Hal ini diperkuat oleh
tuntunan agama bahwa menjaga diri dari perbuatan haram adalah wajib. Sedangkan
bagi yang hanya memiliki keinginan yang
kuat tapi belum mampu memberi nafkah,
maka lebih baik ia menahan diri. Hal ini didasari oleh firman Allah swt:
Artinya: “Dan orang-orang yang tidak
mampu kawin hendaklah menjaga kesucian (diri) nya, sehingga Allah memampukan
mereka dengan karunia-Nya.” (QS. AnNuur: 33)
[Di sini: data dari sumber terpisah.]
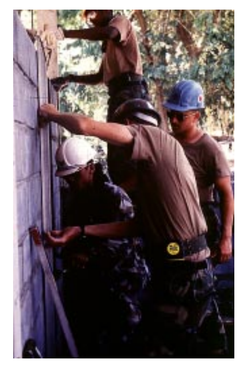
U.S. Army Pacific and Royal Thai Army engineers work side-by-side to construct a schoolroom during COBRA GOLD '97 in Thailand.

For instance, regional cooperation may also increasingly encompass use of common facilities, as well as reciprocal military provision of supplies, services and logistical support. In nations where the United States maintains bases or conducts regular training and exercises, the conclusion of Acquisition and Cross Servicing Agreements (ACSA) will not only provide for such assistance but also offer material and symbolic evidence of regional support for U.S. presence in general. The signing of a revised ACSA with Japan in April 1998 was a step in this direction, and the United States will seek other ACSA agreements elsewhere in the region in coming years.

Salah satu cara untuk menjaga diri
ketika gejolak nafsu bilogis yang memuncak bagi orang yang belum layak nikah
karena belum mampu menafkahi seperti tersebut di atas. disarankan agar ia memperbanyak puasa. Hal
ini diperkuat oleh Hadits Rasulullah saw
berikut ini:
Artinya: “Hai para pemuda, siapa
diantara kalian yang sudah mampu untuk menikah, maka menikahlah, karena nikah
dapat menahan pandangan dari maksiat dan dapat menjaga kemaluan dari berbuat
zina. Namun bagi siapa yang belum mampu hendaklah ia berpuasa karena puasa dapat
membentengi dorongan sahwat.” (HR. Bukhari)
2.Sunah,
hukum ini pantas bagi orang yang
merindukan pernikahan dan mampu memberi nafkah tapi sebenarnya ia masih mampu
menahan dirinya dari perbuatan zina.
Maka bagi orang seperti ini hukum nikah
menjadi sunah. Akan tetapi jika demikian kondisinya, nikah lebih baik baginya
dari pada membujang karena dalam nikah terdapat ibadah yang banyak.
Sedangkan membujang (tidak nikah) itu
seperti para pendeta Nasrani yang
dilarang oleh Rasulullah.
Artinya: “Nikahlah kamu sekalian karena
aku akan berbanyak-banyak umat pada hari Qiamat dan janganlah kamu seperti
pendeta Nasrani.”
Memperkuat
anjuran nikah, Umar pernah berkata kepada Abi Zawaid, hanya sifat lemah atau
melacurlah yang mencegahmu dari nikah. Berkata juga Ibnu Abbas bahwa tidak akan
sempurna ibadah seseorang sampai ia
menikah.
3. Haram, hukum ini layak bagi orang yang tidak mampu memberikan
nafkah dan jika ia memaksakan diri utnuk menikah akan mengkhianati isterinya atau suaminya,
baik dalam pemberian nafkah lahiriyah maupun batiniyah, sehingga dengan
perkawinan itu hak-hak istri/suami tidak terpenuhi.